Information:
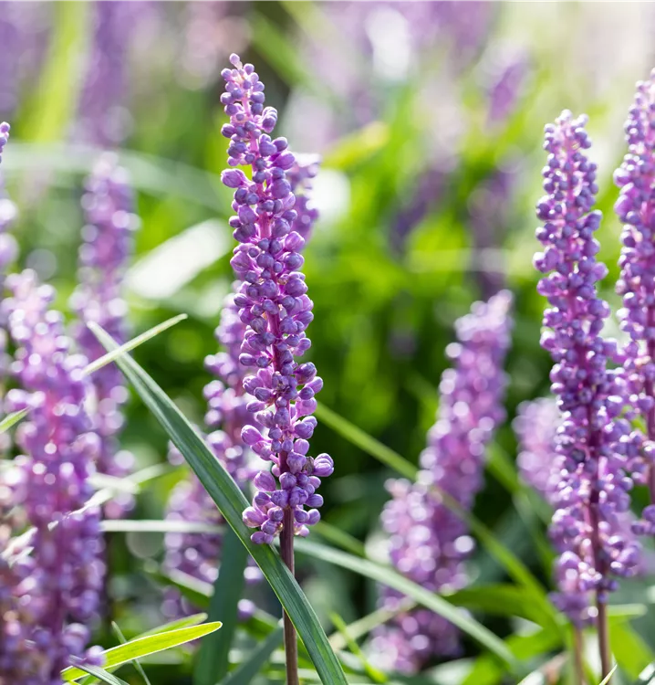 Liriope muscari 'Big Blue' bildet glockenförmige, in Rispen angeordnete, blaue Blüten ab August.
--
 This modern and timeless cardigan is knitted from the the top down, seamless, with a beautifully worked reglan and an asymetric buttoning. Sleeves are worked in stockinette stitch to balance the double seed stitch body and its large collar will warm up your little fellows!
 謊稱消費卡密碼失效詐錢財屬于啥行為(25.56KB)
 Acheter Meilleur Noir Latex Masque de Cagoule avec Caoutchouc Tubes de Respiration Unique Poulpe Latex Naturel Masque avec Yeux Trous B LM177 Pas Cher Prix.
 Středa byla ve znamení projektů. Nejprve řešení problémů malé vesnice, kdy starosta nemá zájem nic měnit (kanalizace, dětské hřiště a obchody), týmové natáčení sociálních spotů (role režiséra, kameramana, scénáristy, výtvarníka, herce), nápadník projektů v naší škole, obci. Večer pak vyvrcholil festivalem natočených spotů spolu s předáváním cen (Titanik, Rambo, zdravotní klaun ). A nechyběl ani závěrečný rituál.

How to complete this task: Quote the listing above, but only from the line that shows "This modern and" through the line that shows "Acheter Meilleur Noir".

Reply:
 This modern and timeless cardigan is knitted from the the top down, seamless, with a beautifully worked reglan and an asymetric buttoning. Sleeves are worked in stockinette stitch to balance the double seed stitch body and its large collar will warm up your little fellows!
 謊稱消費卡密碼失效詐錢財屬于啥行為(25.56KB)
 Acheter Meilleur Noir Latex Masque de Cagoule avec Caoutchouc Tubes de Respiration Unique Poulpe Latex Naturel Masque avec Yeux Trous B LM177 Pas Cher Prix.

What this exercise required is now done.